Praktische Bedeutung

Die instanzgerichtliche Rechtsprechung bewertete bislang nicht einheitlich, ob beleidigende, fremdenfeindliche, sexistische und menschenverachtende Äußerungen in privaten, geschlossenen Chatgruppen eine Kündigung rechtfertigen können.

Das BAG ging in vorangegangenen Entscheidungen jedenfalls in Bezug auf private Gespräche im Kollegenkreis hinsichtlich ehrverletzender Äußerungen über Mitarbeiter und Vorgesetzte von einer berechtigten Vertraulichkeitserwartung aus (vgl. z.B. BAG, Urteil vom 10.12.2009 – 2 AZR 534/08).

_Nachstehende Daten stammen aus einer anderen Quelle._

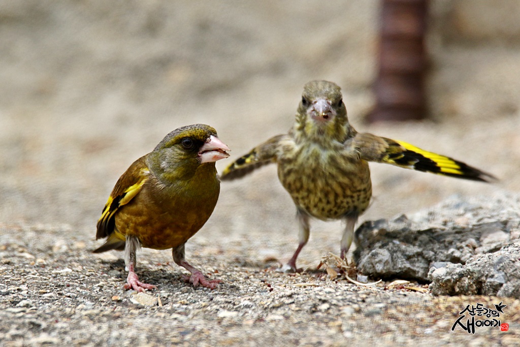 방울새 육추 이후에 이소를 끝내고 나서 아기새가 엄마를 쫓아다니는 모습인데 애교를 계속부립니다.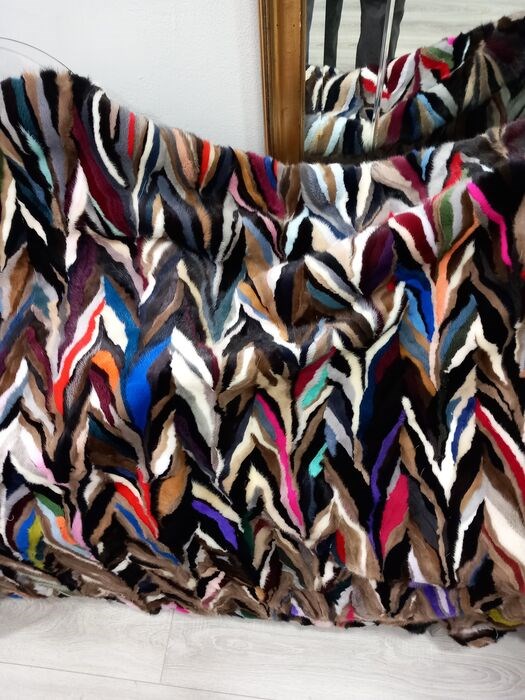 Gloednieuw veelkleurig nertsenlaken geschikt als tapijt, deken, siervoorwerp, om bontkleding of voorwerpen van te maken. Inleg werk. Bijgehouden verzending via UPS

Für die private Kommunikation in Chatgruppen gilt nach der Rechtsprechung des BAG nun etwas anderes. Das Gericht verneint die berechtigte Vertraulichkeitserwartung grundsätzlich. Damit hat das BAG die Hürden für eine außerordentliche Kündigung in derartigen Fällen deutlich gesenkt. Um mit einer Kündigungsschutzklage dennoch Aussicht auf Erfolg zu haben, bedarf es einer besonderen Darlegung des Arbeitnehmers, weshalb er den Chat für einen vertraulichen Gesprächskreis hielt und auch halten durfte. Allein die langjährige Freundschaft und teilweise Verwandtschaft der Chatgruppenmitglieder genügt nach Ansicht des BAG nicht für die Annahme einer berechtigten Vertraulichkeitserwartung.

 

Handlungsempfehlungen

Die Entscheidung bedeutet für Arbeitgeber auch, dass diese grundsätzlich verpflichtet sind, Vorwürfen über derartige Äußerungen ihrer Arbeitnehmer nachzugehen. Der bloße Umstand, dass die Äußerungen in privaten Chatgruppen erfolgt sind, steht dieser Verpflichtung nicht entgegen.

Der Arbeitgeber hat daraufhin die zulässigen arbeitsrechtlichen Sanktionen zu prüfen. Diese richten sich insbesondere nach der Intensität der konkreten Äußerungen des Arbeitnehmers. Im Einzelfall könnten auch lediglich mildere Mittel wie bspw. eine Abmahnung in Betracht kommen. Eine Kündigung ist (weiterhin) stets das „letzte Mittel“ (sog. ultima ratio).